100 Replies to “Immune System, Part 3: Crash Course A&P #47”

  1. This channel is amazing! I literally laugh out loud at some of the references, and remember the information so much more. Thank you for all of these videos!

  2. well if you ever think about to cut your self (or if you've already done it) just think about how hard your body system try to make yourself stay alive

  3. You guys are so awesome. I'm in graduate biomedical engineering and I can't emphasize enough how invaluable your clear and concise videos have been to me (not to mention how fun they are to watch!). You rock, keep it up! DFTBA

  4. I'm not going to lie, I came to part 1 looking for some basic information about immune systems. I got it pretty early on, but then I got hooked! So now I'm on part 3 and I'm not sure if I'm procrastinating or not.

  5. Dendritisk cell tar bitar ut av mikrober, far till närmaste lymfen, den letar en T-hjälpecell med rätt antikropp, den aktiveras (virgin) och börjar duplicerar, några blir i lymfen som T-minnesceller. Andra går och strider mot mikrob, andra går i mitten av lymfnoden och aktiverar B-lymfceller som duplicerar sig och börjar bilda antikroppar.

    Fagocyter konsumerar och kommunicerar ytprotein till lymfocyter.

    T-lymfocyter dödar infekterade celler

    Fagocyter kan döda kroppets egna celler om de är infekterade av virus, bakterie, cancerceller
    Infekterade celler slutar producera ett ytprotein som friska celler producerar och fagocyt gör mha enzym så att de tillför programerad celldöd

    Värme och inflammation accelerarer cellmetabolism så de kan repareras snabbare

    Lymfocytor från benmärg

    För mycket för att handla-> signalerar hypotalamus för att höja temperatur

    Antikroppr kan
    neutralisera (omge virus så de kan inte gå in)
    Klumpa virus
    Singalerar andra fagocyter och lymfocyter

    Babyn får i mamman antikroppar och från mammas mjölk

    Skin och mucus membran

    Cytokiner sprider signal

    Hjälpr T cell aktiverar B celler. Hjälpar t safegusrd checkar

  6. Hank, you have a real passion and talent for teaching, and like so many other people have said, it’s extremely helpful! I am so interested in learning, and although I use these videos for class, I will continue watching them for fun because they’re just that interesting. Im curious, who all helps out with the script, film and animation of these?

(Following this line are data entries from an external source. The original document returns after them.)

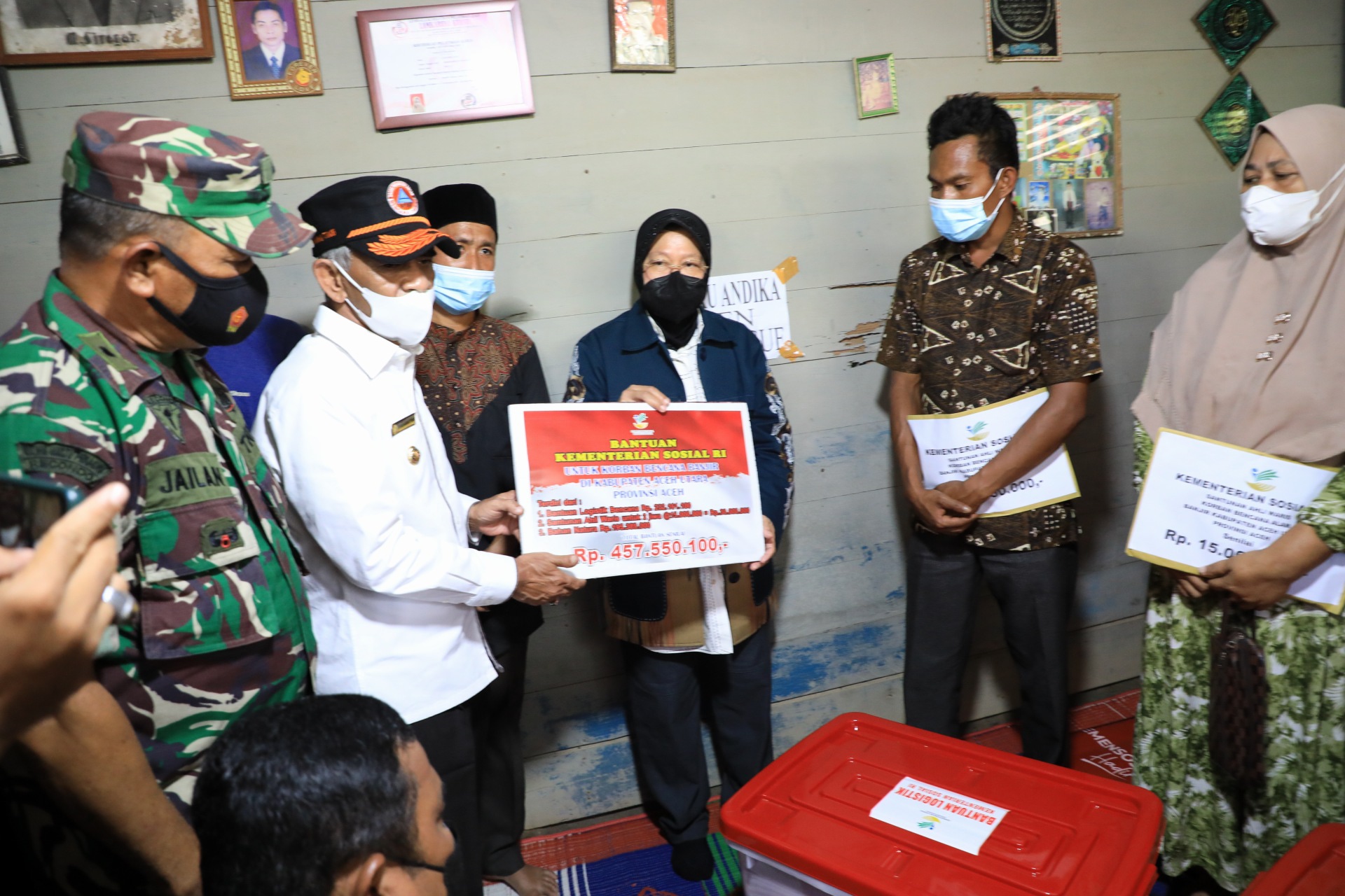ACEH, Potretnusantara.id - Bupati Aceh Utara H Muhammad Thaib mendampingi Menteri Sosial Tri Rismaharini mengunjungi rumah duka korban meninggal dunia akibat bencana banjir di Kabupaten Aceh Utara, Selasa, 11 Januari 2022.
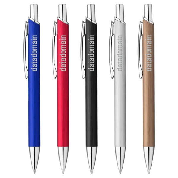 Plunge action ballpoint pen with sophisticated brushed aluminum barrel and shiny chrome accents. Black ballpoint ink. Unique metal textured barrel. 5.625" D x 0.4375" W
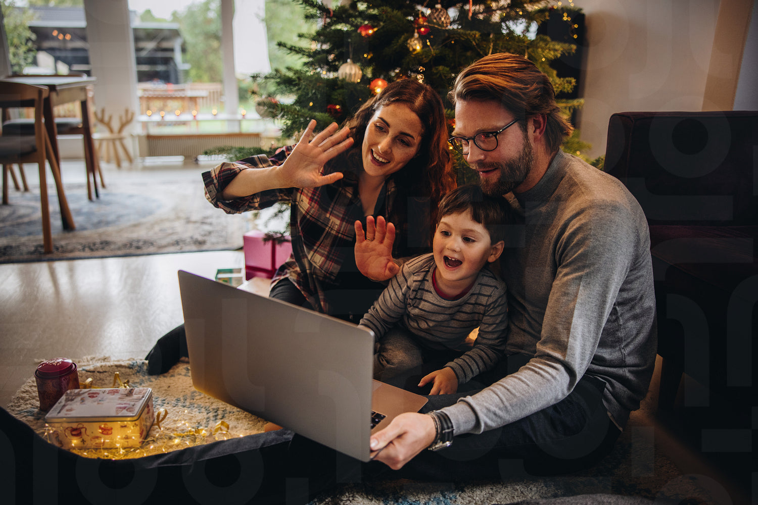 Family sitting on floor having a video call on laptop during christmas. European family greeting friends during a video call.
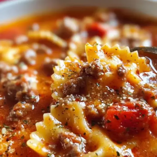 This creamy lasagna soup with sausage and ground beef is loved for its unique blend of flavors and textures. The combination of beef and sausage creates a robust base, while the creamy tomato broth adds warmth and richness. It’s a one-pot meal that allows you to enjoy all the beloved flavors of lasagna without the time-consuming layers. You can easily adapt this recipe to feed your family on a busy weeknight or impress guests at a dinner party. With its comforting aroma and rich taste, this soup feels like a warm hug in a bowl, making it the perfect comfort food for chilly nights or when you just need something deliciously satisfying.
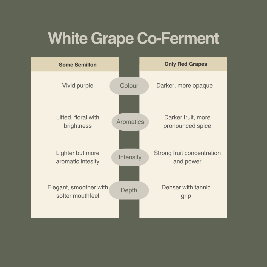 Co-fermentation is when two (or more) grape varieties ferment together in the same vessel, at the same time. It’s quite different from blending finished wines, and the chemistry behaves differently, particularly when white grapes are involved.
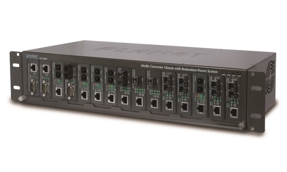 15-ti slotové šasi pro instalaci média konvertorů. Vnitřní napájení
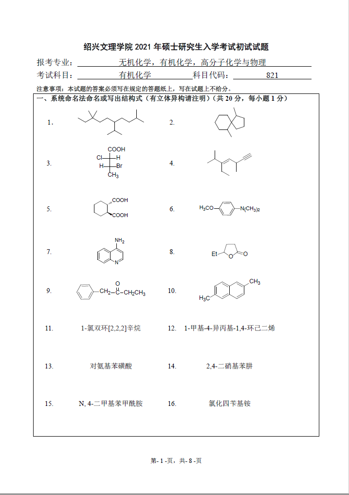 821 有机化学(绍兴文理学院 2021 年硕士研究生入学考试初试试题).rar
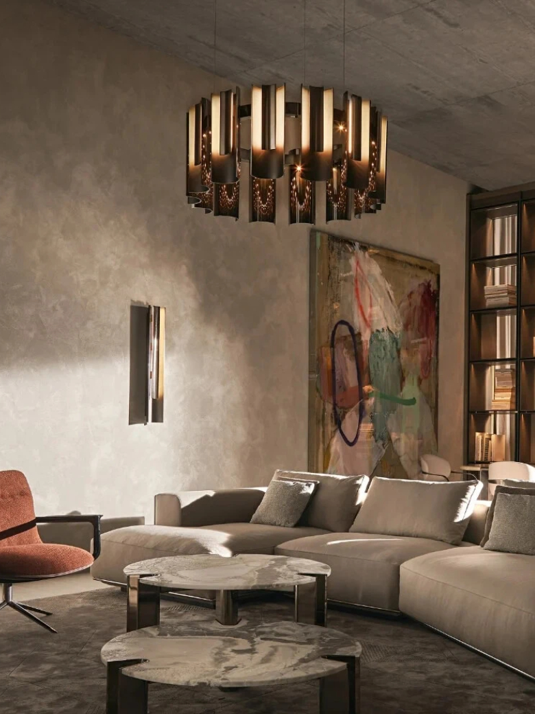 Composed of curved aluminum modules—polished on the outside and finely satin-brushed on the inside—anchored to a central support ring with integrated LED diffusers. Suspended by adjustable steel cables, the system combines visual lightness with sculptural presence. Offered in a curated selection of metal finishes.

  7. This really helps me understand the greater concepts. I understand the terminology and what things are but this helps me understand how they interact. Thank youuuuuuuuuu

  8. so funny, when hanks says they present the fragments of the killed cells on them,"sounds a little messed up" lol

  9. How to kill any disease:

    Do ALL of the following, it cures every single disease out there.

    Eat Healthy
    Use natural remedies
    Always use homeopathic healing
    Don’t get vaccines
    Eat vitamin b16
    Eat vegan
    Inhale 200kg of antimatter
    Use traditional remedies

  10. I had no idea the immune system was so elegant …. I would love to see vids on what different diseases (HIV,Ebola chicken pox etc) do to the body and immune system .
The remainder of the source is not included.